- _HOW TO COMPLETE THIS TASK_: Write out every record below exactly as it stands, leaving the pictures out.

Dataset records

>>

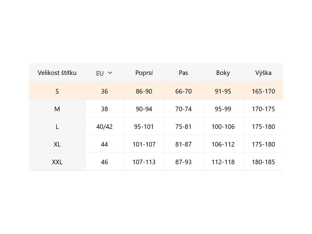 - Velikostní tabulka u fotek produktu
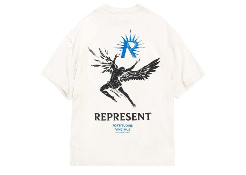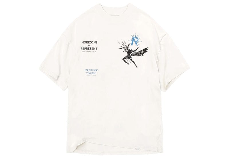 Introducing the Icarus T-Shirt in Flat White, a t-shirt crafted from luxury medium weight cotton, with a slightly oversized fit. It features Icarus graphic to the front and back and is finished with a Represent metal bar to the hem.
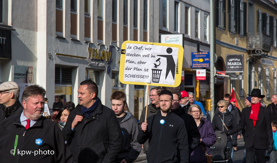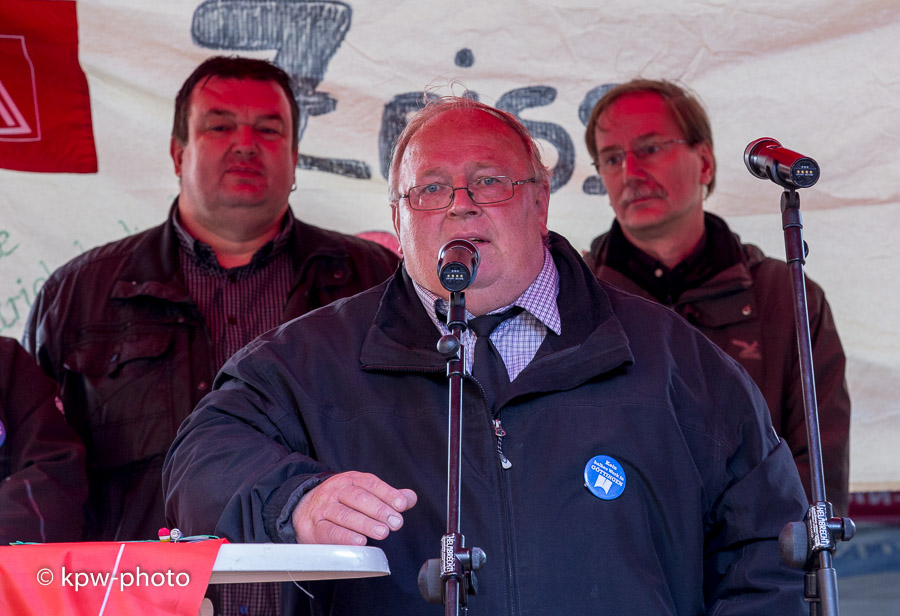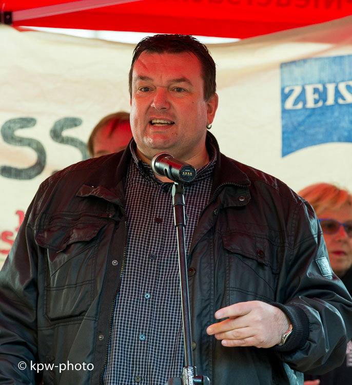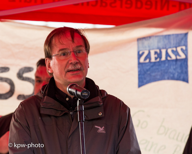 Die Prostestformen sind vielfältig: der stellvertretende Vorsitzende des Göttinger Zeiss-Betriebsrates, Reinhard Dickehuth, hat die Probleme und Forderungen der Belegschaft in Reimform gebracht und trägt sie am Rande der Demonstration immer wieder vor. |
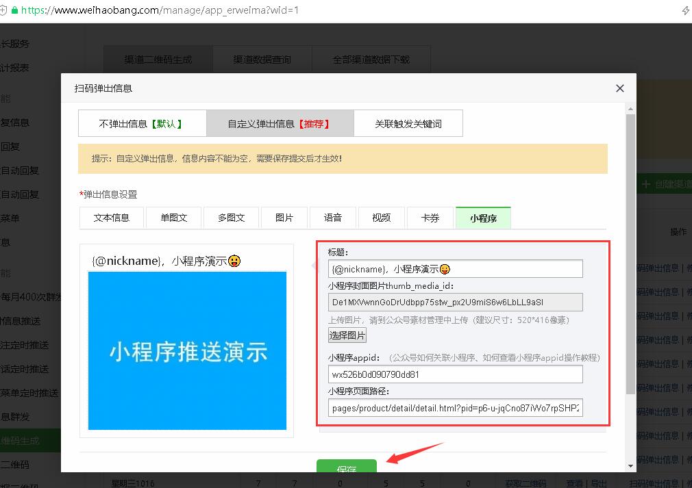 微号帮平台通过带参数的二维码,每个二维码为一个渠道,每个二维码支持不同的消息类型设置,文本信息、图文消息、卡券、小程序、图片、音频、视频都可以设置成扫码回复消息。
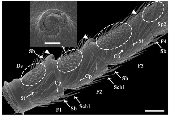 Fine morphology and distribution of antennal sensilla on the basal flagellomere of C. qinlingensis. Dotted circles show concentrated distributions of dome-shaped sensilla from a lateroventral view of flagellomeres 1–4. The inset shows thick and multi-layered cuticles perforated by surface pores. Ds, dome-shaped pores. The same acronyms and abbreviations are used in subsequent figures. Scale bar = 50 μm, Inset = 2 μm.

<<

- _ANSWER BELOW_:
 - Velikostní tabulka u fotek produktu
 Introducing the Icarus T-Shirt in Flat White, a t-shirt crafted from luxury medium weight cotton, with a slightly oversized fit. It features Icarus graphic to the front and back and is finished with a Represent metal bar to the hem.
 Die Prostestformen sind vielfältig: der stellvertretende Vorsitzende des Göttinger Zeiss-Betriebsrates, Reinhard Dickehuth, hat die Probleme und Forderungen der Belegschaft in Reimform gebracht und trägt sie am Rande der Demonstration immer wieder vor. |
 微号帮平台通过带参数的二维码,每个二维码为一个渠道,每个二维码支持不同的消息类型设置,文本信息、图文消息、卡券、小程序、图片、音频、视频都可以设置成扫码回复消息。
 Fine morphology and distribution of antennal sensilla on the basal flagellomere of C. qinlingensis. Dotted circles show concentrated distributions of dome-shaped sensilla from a lateroventral view of flagellomeres 1–4. The inset shows thick and multi-layered cuticles perforated by surface pores. Ds, dome-shaped pores. The same acronyms and abbreviations are used in subsequent figures. Scale bar = 50 μm, Inset = 2 μm.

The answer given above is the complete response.